In March 2015, Snipes settled the case with State Farm for $300,000 without his client’s knowledge. State Farm sent two checks covering the settlement to the man and not his attorney.

The man contacted Snipes and was told he needed to pay his attorney fees and medical bills out of the settlement. The client endorsed the checks over to Snipes, who wrote him a $170,000 check out of the law firm’s trust account. Snipes promised in a letter to the man he would pay the outstanding medical bills.

“Instead of paying the medical bills or at least holding the $130,000 in trust for (the client), Respondent misappropriated the funds or converted them for his own personal use or at least not for (the client’s) benefit,” the bar complaint contends.

Complaint No. 2

On July 15, 2013, a man was involved in an automobile accident where he was not at fault. He hired Snipes on a contingency fee basis. The driver who was at fault was insured by The Hartford. The man filed a complaint with the state bar against Snipes in November 2017. Here are the details of that complaint:

In late 2013, Snipes sent a settlement letter to Hartford demanding the policy limits of $100,000 without the client’s knowledge or authorization. Hartford settled the case for the requested amount and sent a check to Snipes on Jan. 9, 2014.

Snipes forged his client’s name and cashed the check.

The client found out about the settlement when he got a letter from Hartford confirming the settlement. After concluding the settlement money had been misappropriated, the man hired another attorney and sued Snipes for malpractice. That case settled for $98,000.

The man also filed a bar complaint against Snipes two months ago and the Muscogee County Sheriff’s Office was unable to find the attorney to serve the letter.

Complaint No. 3

An Alabama couple was involved in a wreck in August 2016 and hired Snipes on a contingency fee basis. The couple suffered injuries in the wreck and the driver that was at fault was insured by USAA. In January of this year, the couple filed complaints with the state bar. Here are the details of that complaint:

In September 2017, Snipes accepted the insurance company’s settlement offer of $28,000 for the wife and $20,000 for the husband. Neither of them authorized the settlements.

The checks were sent to Snipes, who forged the names of the husband and wife and cashed the checks without their knowledge.

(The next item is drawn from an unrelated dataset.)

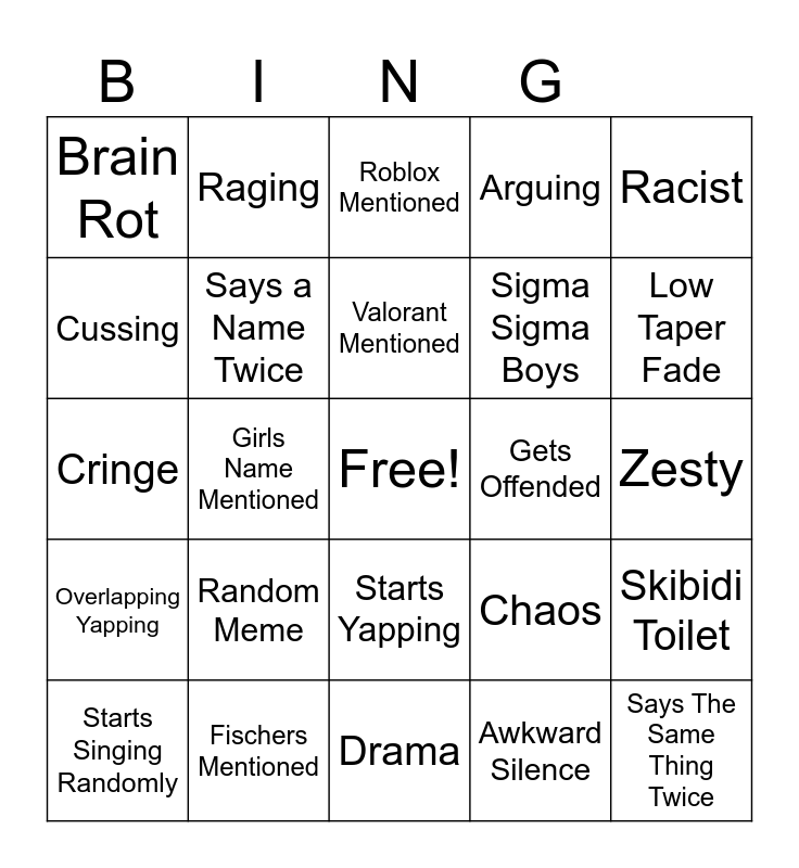 This bingo card has a free space and 24 words: Random Meme, Fischers Mentioned, Valorant Mentioned, Starts Singing Randomly, Racist, Brain Rot, Cussing, Raging, Gets Offended, Starts Yapping, Sigma Sigma Boys, Cringe, Chaos, Skibidi Toilet, Says a Name Twice, Awkward Silence, Zesty, Roblox Mentioned, Low Taper Fade, Girls Name Mentioned, Says The Same Thing Twice, Overlapping Yapping, Arguing and Drama.

Snipes did not respond to repeated questions from the couple about the status of their claims. They hired another attorney who learned that Snipes had settled the cases with USAA.

Complaint No. 4

In May 2016, a woman was injured in a car crash that was not her fault. She hired Snipes on a contingency fee basis. The driver who was at fault was insured by USAA. The woman sought other legal advice and filed a bar complaint two months ago. Here are the details of that complaint:

In a conversation sometime in November 2017, Snipes assured the woman her case would settle soon and gave her a $2,000 check drawn on his own account, telling her the case would likely settle by January 2018 and that any settlement would be substantial and include funds to pay her medical bills.

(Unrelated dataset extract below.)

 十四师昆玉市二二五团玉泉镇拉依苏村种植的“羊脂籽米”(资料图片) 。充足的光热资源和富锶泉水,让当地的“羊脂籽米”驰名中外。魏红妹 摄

What he did not tell her was he had settled the case without her knowledge in September 2017 for the policy limits of $25,000. He had also forged her name and cashed the check, which USAA sent to him.

Unable to get an appointment to see Snipes in his office, the woman went to the office on Jan. 3, and spoke with a clerical worker, who told her she did not know if Snipes would ever return to his office.

Complaint No. 5

In November 2016 a woman was injured in an automobile accident that was not her fault. The other driver was uninsured. Two months after the accident, the woman hired Snipes on a contingency fee basis. Here are the details of her complaint:

The woman had about $100,000 in medical bills and Snipes told her that her insurance company, USAA, had agreed to settle the case for the policy limits of $325,000.

After that, the woman heard nothing from Snipes.

In January, the woman contacted USAA, which told her the company sent checks totaling $325,000 to Snipes in December 2017. Snipes did not tell his client, but instead forged her name on a $300,000 check and also forged her signature on a settlement release for the insurance company.